Determine if a point is inside a given polygon or not
Polygon is a list of (x,y) pairs.
Algorithm got from: http://www.ariel.com.au/a/python-point-int-poly.html
"""
# TODO test using shapely or numpy for this
x, y = point
n = len(poly)
inside = False
p1x, p1y = poly[0]
for i in range(n + 1):
p2x, p2y = poly[i % n]
if y > min(p1y, p2y):
if y <= max(p1y, p2y):
if x <= max(p1x, p2x):
if p1y != p2y:
xinters = (y - p1y) * (p2x - p1x) / (p2y - p1y) + \
p1x
if p1x == p2x or x <= xinters:
inside = not inside
p1x, p1y = p2x, p2y
return inside
There's a TODO for # TODO test using shapely or numpy for this
in math_functions.point_inside_polygon()
, but I think Selection.get_points()
is a problem too. This could be faster if the Selection.get_points()
was cached with lru_cache, or maybe just called once for each selection in Measurement.save_cuts()
and then passed to Selection.point_inside()
. We could also save the Selection.get_points()
in the Selection
object and update it when it changes (or when it's needed), but that has the potential for cache invalidation issues.
Oh, and profiling should reveal the real culprit. My last message is just an educated guess.
most time is spend: total 22s (tottime, cumtime) 5s 14.8s selection.py: point_inside 4.2s 19s selection.py: update_selection_points 3.2s 4.4s math_functions.py: point_inside_polygon 2.3s 3.5s selections.py: get_points 1.9s 1.9s selections.py: is_inside
Using arrays for max_y and min_y (8k elements each) with one comparison (using points x coordinate as index) should be equal to checking x_min and x_max limits (and also y_min or y_max). and second comparison should give if point is inside selection or not. This method should be faster then even is_inside method (4 comparison and nested ifs). Additions to selection objects should include the y_min and y_max arrays and method to compute them when selection is made or loaded. After this checking single point is just two comparison away (point_y < y_max[point_x] and point_y > y_min[point_x]). default values for y_max: -1 and y_min: max_y_value +1. As all data is integer valued with specified ranges, there is no need to made use of polygons in comparison of points to selections. Also this method is well suited for other then straight segmented polygons.

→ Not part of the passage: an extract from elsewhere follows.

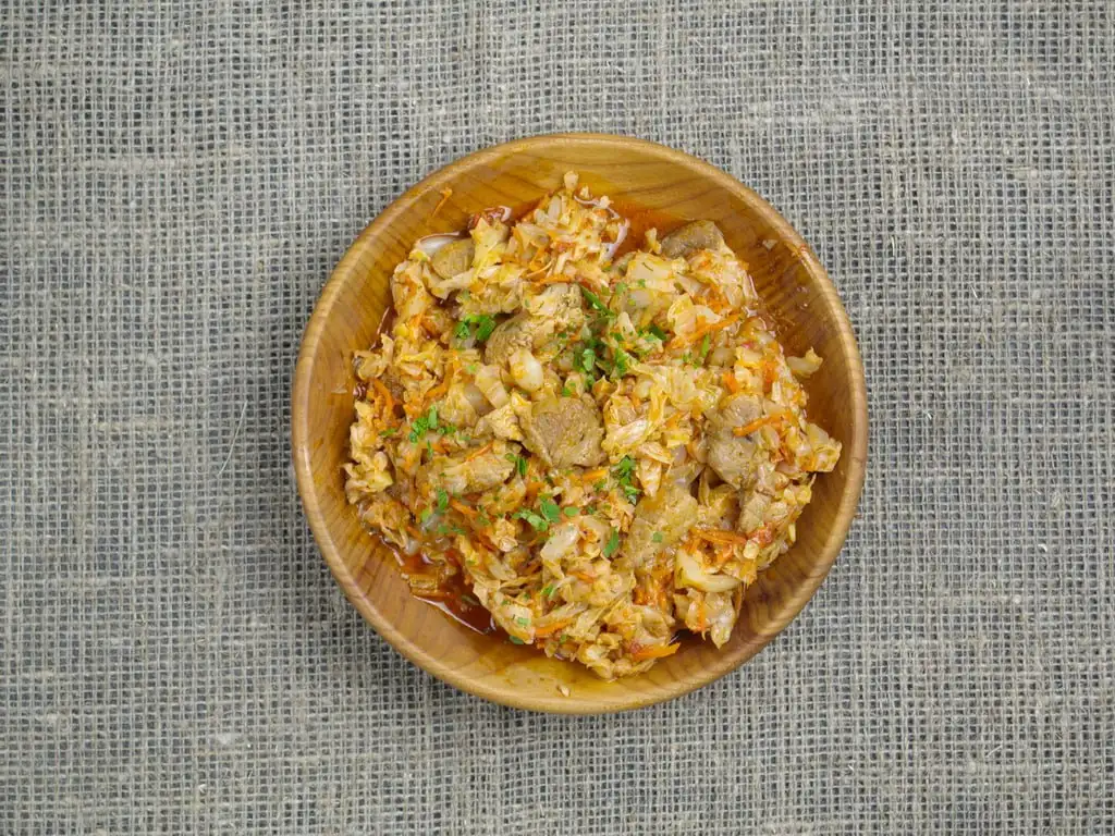 Описание: сытное и ароматное блюдо, в котором свежая капуста тушится вместе с свининой. Блюдо подают как самостоятельное или с гарниром, например, с картофелем или хлебом. Состав: капуста, свинина (т/б, постная), морковь, лук, масло сливочное, томаты протёртые, зелень укропа, специи. Вес: 550 г Способ приготовления: блюдо полностью готово к употреблению. Разогреть удобным для вас способом.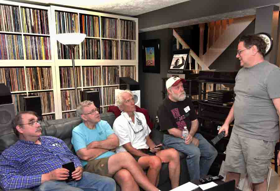 The gathering started off slowly and I was a bit nervous about the possibility of a low turnout due to the great weather. But it did not take too long for the room to fill out to a nice crowd. Thinking about this as an afterthought, it was one of the best meetings ever. I cannot really say why but the vibe was great. It could not have been the broccoli pizza, but something was in the air that just made me feel good about being there. Even the sound system was musical. John set up a really neat kit that presented good tunes to a fairly large room. We had digital files served up by a Macbook Pro into either Prism Callia or Mytek DAC. Boosting the signals from the sources was handled by Rogue tube electronics with RP-9 preamp and Stereo 100 amp. Johns go-to speakers for this type of installation was the very smooth Amphion Argon 3S.

Also if using max_x and min_x arrays is feasible that would require only 4k arrays
Your proposed algorithm seems reasonable, but I'm worried about its limitations. While normal L-shaped(ish) selections are alright, if a selection is C-shaped or similar, it wouldn't work. This kind of limitation is difficult to convey to users. Maybe this could work with the split selection workaround, but sounds like that would get complicated fast.
Looks like there's currently quite a bit of function call overhead involved. Selection.point_inside()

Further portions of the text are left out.